(Records from a data collection)
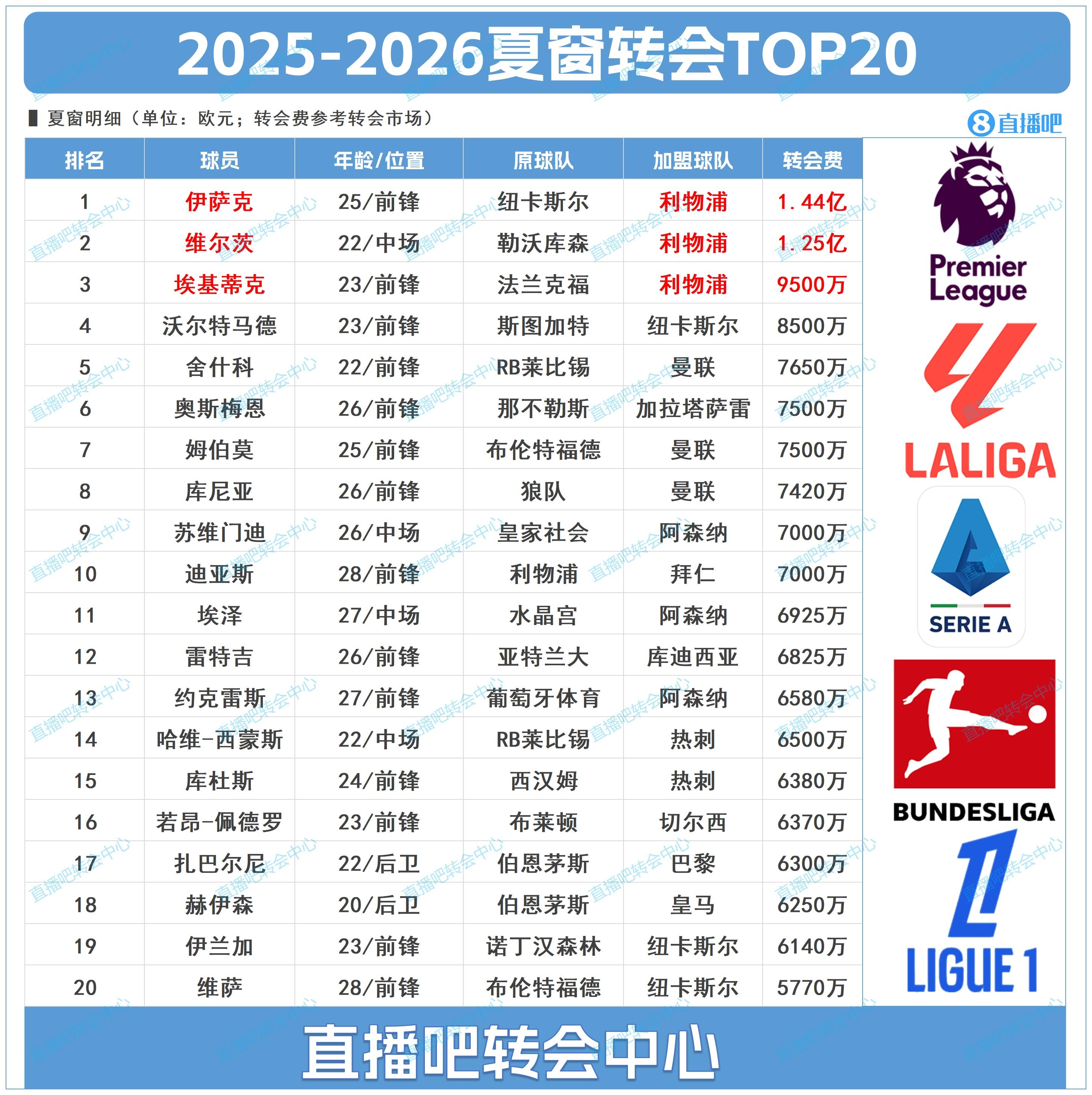 开云体育官方网站-夏窗TOP20转会:伊萨克1.44亿欧标王!利物浦包揽前三&两刷纪录
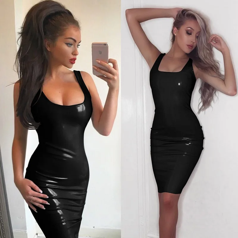 Sexy Black Latex Dress Women Summer Club Dress Sheath Sleeveless
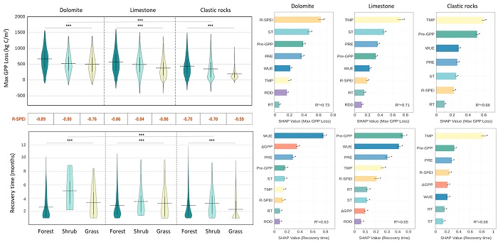 团队进一步发现上述水分限制矛盾在2022年西南地区破纪录的极端干旱事件中得到进一步印证。与森林和草地相较,西南地区灌丛在干旱后恢复最为缓慢,其整体恢复时间分别是森林和草地的1.39倍和1.32倍??λ固厍绕涫前自蒲曳植记?,植被表现出更强的干旱脆弱性:干旱期间灌丛的总初级生产力损失为碎屑岩区的2.57倍,且恢复时间延长60%(图3)。进一步分析表明,温度是非喀斯特区植被恢复的主要驱动因子,而水分利用效率则是喀斯特区植被恢复的关键限制因素。具体而言,在经历极端干旱后的恢复阶段,表层土壤水分受限时,喀斯特地区植被具有更高的水分利用效率;水分充足时,非喀斯特地区植被的水分利用效率更高。
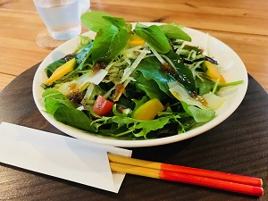 カレーについているサラダは、さすが農家さん。島の野菜が盛りだくさんでした。余計なお世話ですが「サラダランチ」なるものも考えてみてはどうでしょうか?サラダがメインで!!
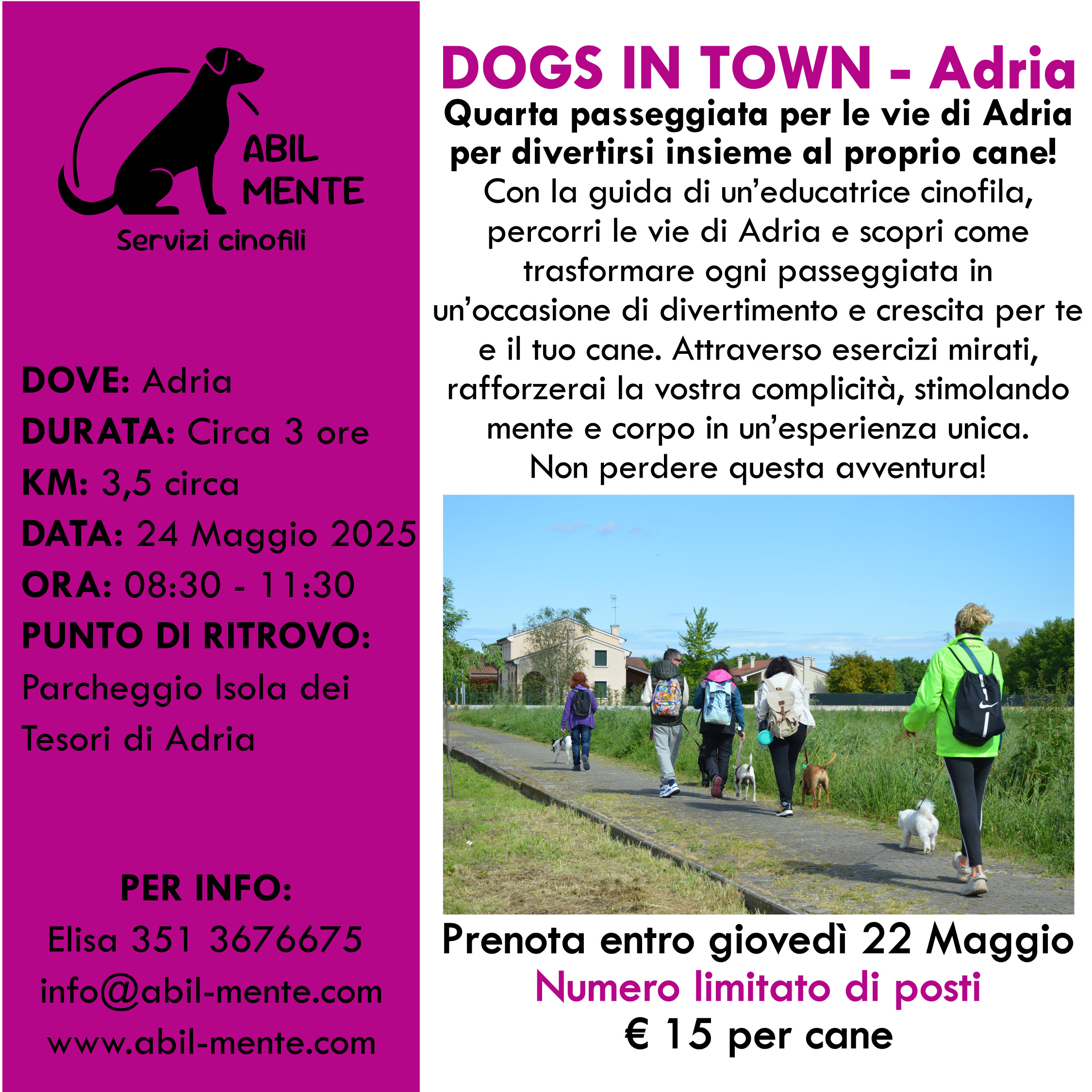 Attenzione! Le iscrizioni per il Dogs in Town della prossima settimana sono APERTE!
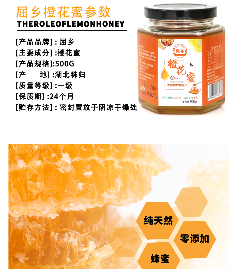 三峡农家橙花蜜自产成熟橙子蜜柑橘花蜜500克橙花蜜正宗蜜
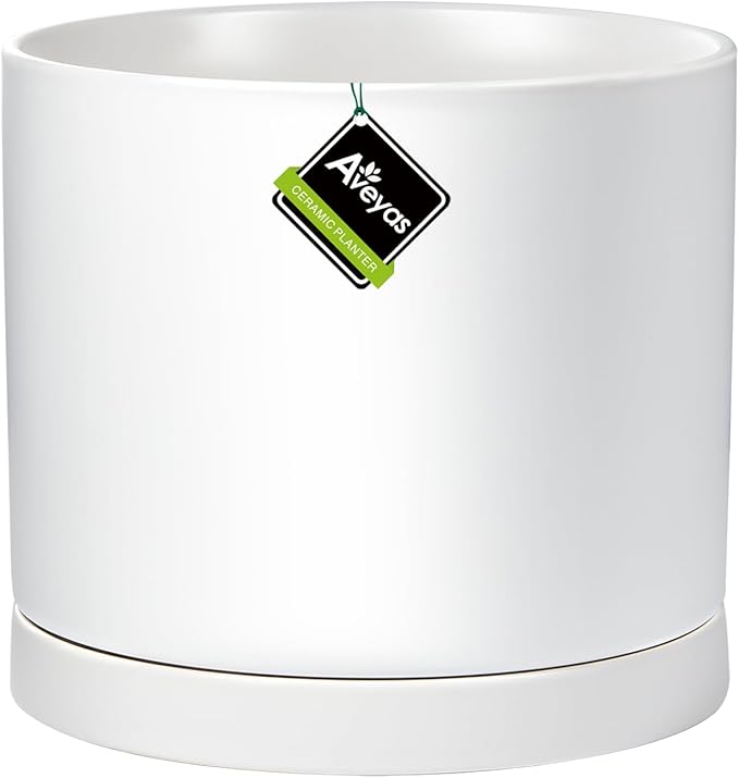 Aveyas 8 inch Ceramic Plant Pot with Drainage Hole and Saucer - Suitable for Indoor and Outdoor Use, Modern Planters for House Garden Flower Tree Snake Monstera Plants (8", Matte White)
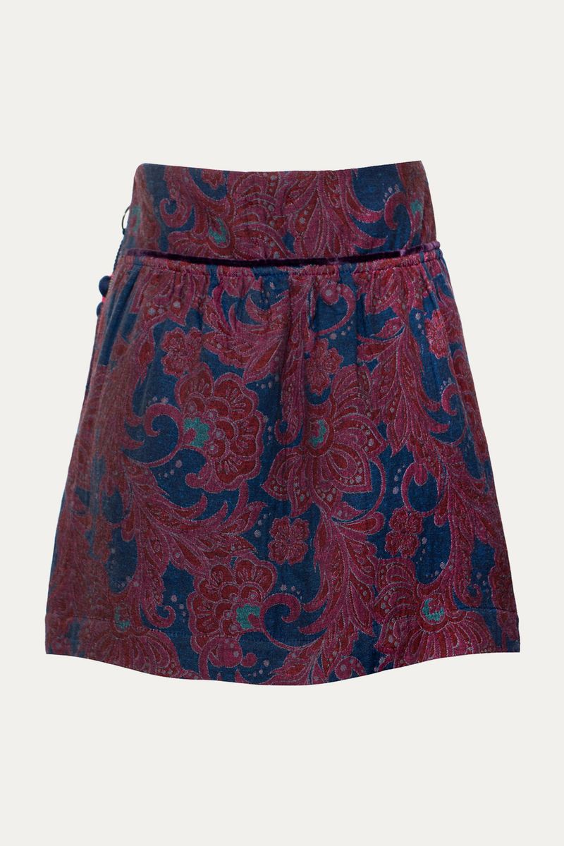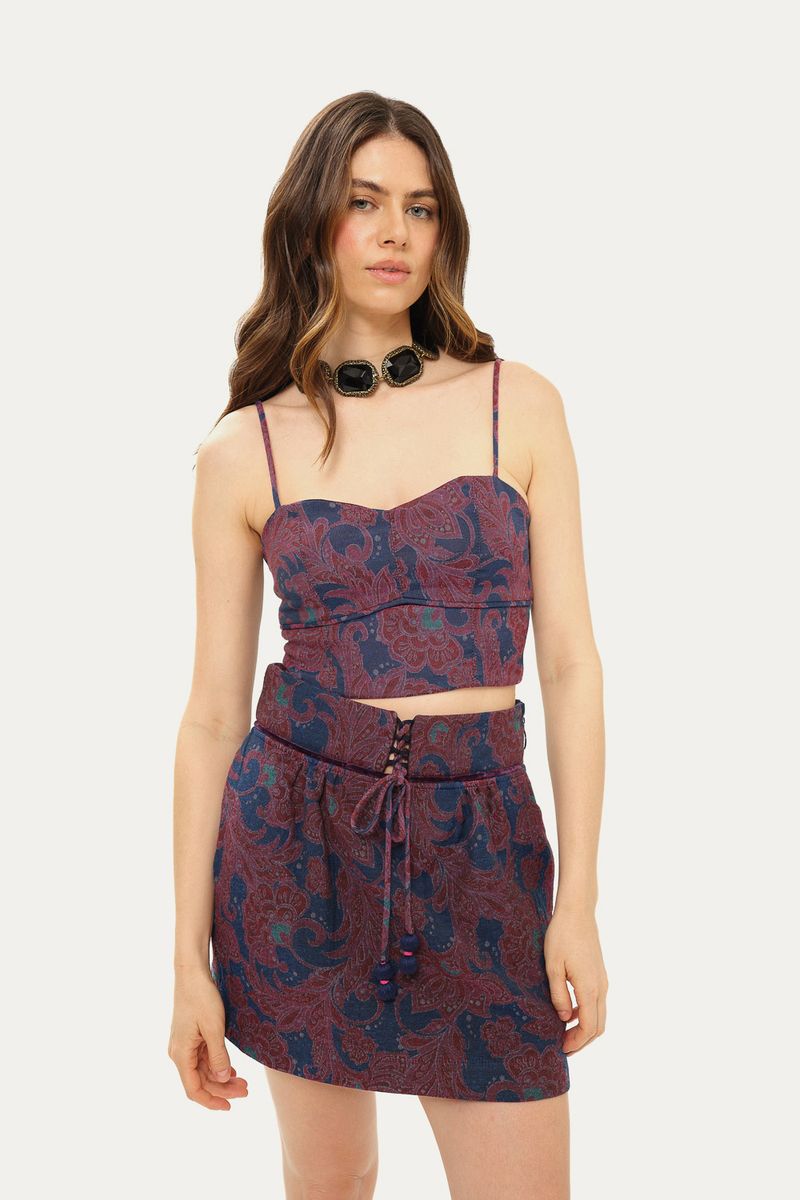 Possui detalhe de amarração central no cós, com azelha e rolotê do proprio tecido.
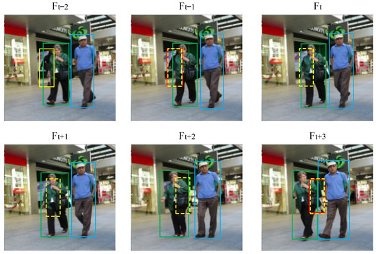 As shown by the yellow box in Figure 4, frame Ft−2 is a case of local occlusion, while frame Ft−1 is a case of severe occlusion. In the Ft−1 frame, the red solid box represents the object motion prediction box, and the yellow dashed box represents our hypothesis box. From Ft frame to Ft+2 frame, the continuous tracking mechanism for a hypothesis box is required. The prediction box is used as the hypothesis object box for continuous tracking until the object reappears in Ft+3 frame, which can retain the object identity and continue tracking, and then repair the complete tracks.
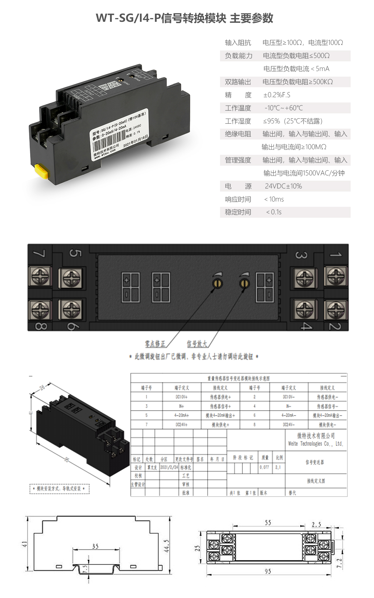 WT-SG/I4-P信號轉(zhuǎn)換模塊常用于各類傳感器的信號轉(zhuǎn)換。
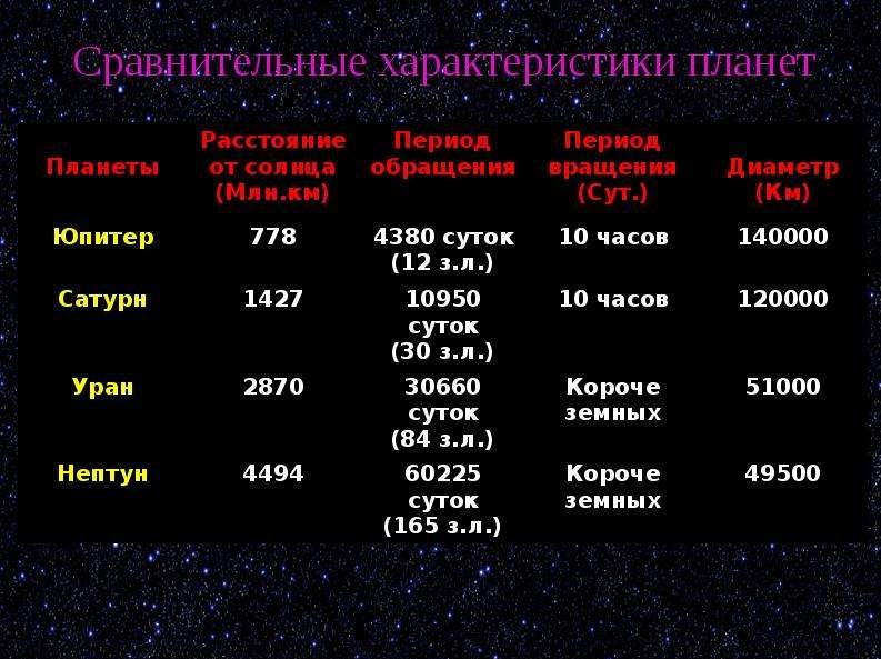 Планеты группы газовых гигантов расположены на большом отдалении от Солнца. Их температуры значительно ниже земных. Этот факт они смогли использовать для своего формирования, нарастив массу за счет гравитационного притяжения газа из окружающего их пространства. Данный процесс называется аккрецией. Сегодня газовые гиганты являются самыми большими планетами Солнечной системы. Их характеристики можно посмотреть в таблице ниже:

- **Task to complete**: Reproduce only the lines of the records from the start up to and including the line that holds "Sexy Black Latex"; do not carry over any picture.

- **Solution for this task**:
 开云体育官方网站-夏窗TOP20转会:伊萨克1.44亿欧标王!利物浦包揽前三&两刷纪录
 Sexy Black Latex Dress Women Summer Club Dress Sheath Sleeveless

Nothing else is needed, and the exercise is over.